I would really appreciate If you can suggest what should be the approach or conclusion I can draw from here?
November 22, 2021 at 6:00 pmpeteroznewmanSubscriberA good starting point for mesh refinement study would be to have an element size of about 1/10 of the corner radius. Since you have all these sizes already set up, you could simply change the corner radius to 0.4 mm and just run DP0 through DP3 to look at the plot of those 4 points for Normal Lagrange.
Another refinement is to change the Detection Method of the contact to Nodal Normal to Target, assuming the Target is the flat surface.
Did you change the Analysis Settings to request tighter Force and Displacement Convergence tolerances than the default 0.5%?
November 23, 2021 at 10:42 pmpramod1314SubscriberThank you for the reply.

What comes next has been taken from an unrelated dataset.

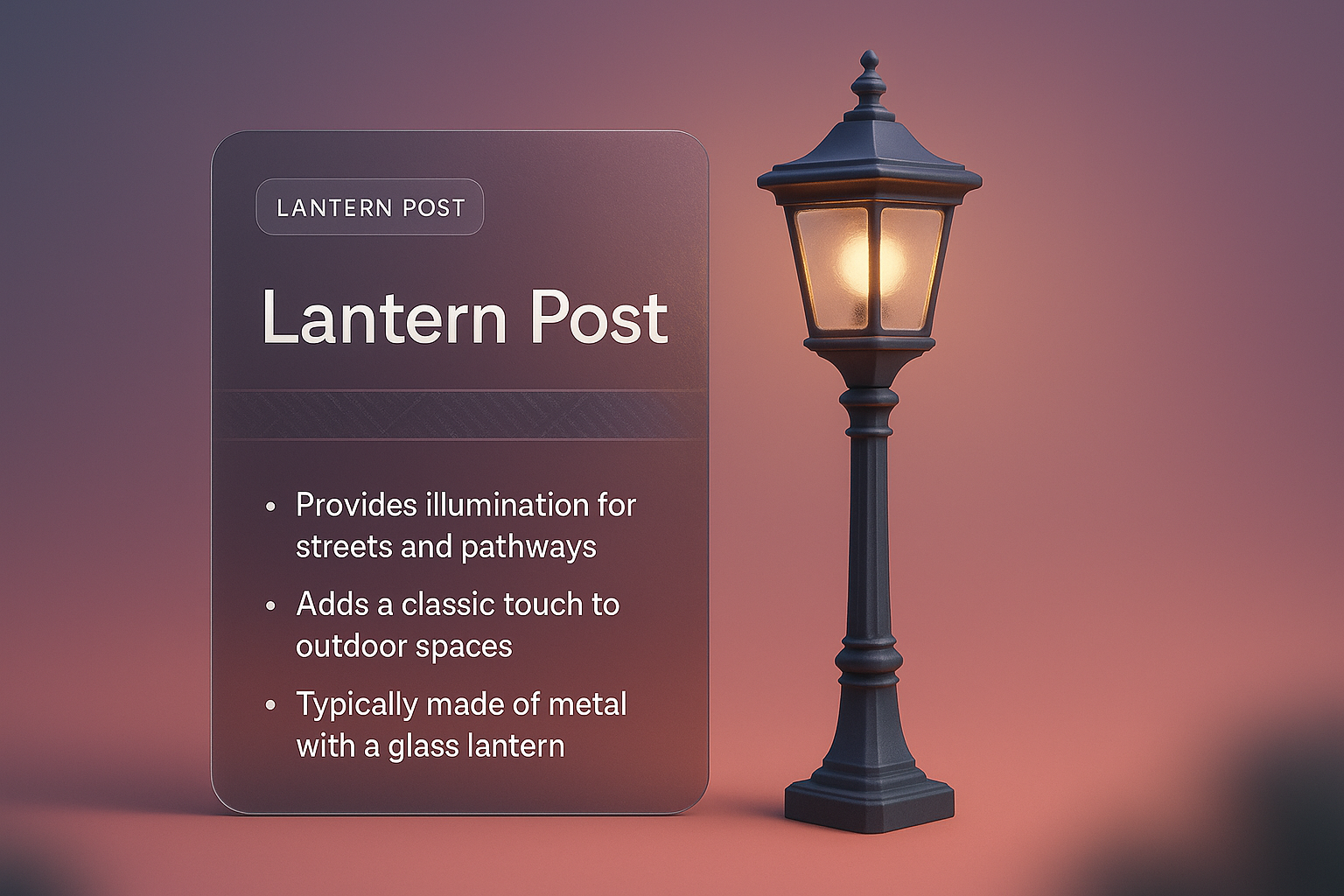 /Collection: /by davooda/Type: PNG/A beautifully rendered 3D illustration of a lantern post, providing a classic touch to outdoor environments. The design features a smooth gradient background and a transparent text panel.

I have made following changes:
1) Force and Displacement Convergence tolerance to 0.01
2)Detection Method of the contact to Nodal Normal to Target
3) Method: Normal Lagrange
4) I changed vertex blend /fillet radius and also changed the mesh size to keep almost 10 elements in each iteration (as you suggested).
I can see the results are close to each other but the stress values are very high.
Can I trust these values?
Augmented Lagrange gives the value in the range of 700 Mpa if penetration tolerance is program controlled (penetration is 1 % of deformation).
November 24, 2021 at 12:39 ampeteroznewmanSubscriberI didn't explain myself clearly enough. When I suggested a 0.4 mm corner radius which would have 10 elements around it at an element size of 0.04 mm, I meant that the 0.4 mm blend radius would remain fixed at that value, while the number of elements would increase around the blend as the element size became smaller and smaller.
This is a Mesh Independence Study. For a fixed geometry, what element size is needed to get a stress result that doesn't change.
Discard the results you have and run a study at a fixed P87 - VertexBlend2 size of 0.4 mm
I also said that mesh independence studies use a fixed ratio of element size. Using the ratio of 2, the element size sequence is 0.04, 0.02, 0.01, 0.005, 0.0025, 0.00125.
That sequence should show the mesh independent value of stress for the Top and Bottom parts at a Vertex Blend size of 0.4 mm.
If you want to see the stress at a smaller Vertex Blend, then you would rerun the study at some other fixed value of Vertex Blend.
November 24, 2021 at 12:46 amNovember 24, 2021 at 12:53 ampeteroznewmanSubscriberYou can start with the current blend radius shown. Start the element size at 1/10 of that radius and divide it by 2 five times then plot those six points.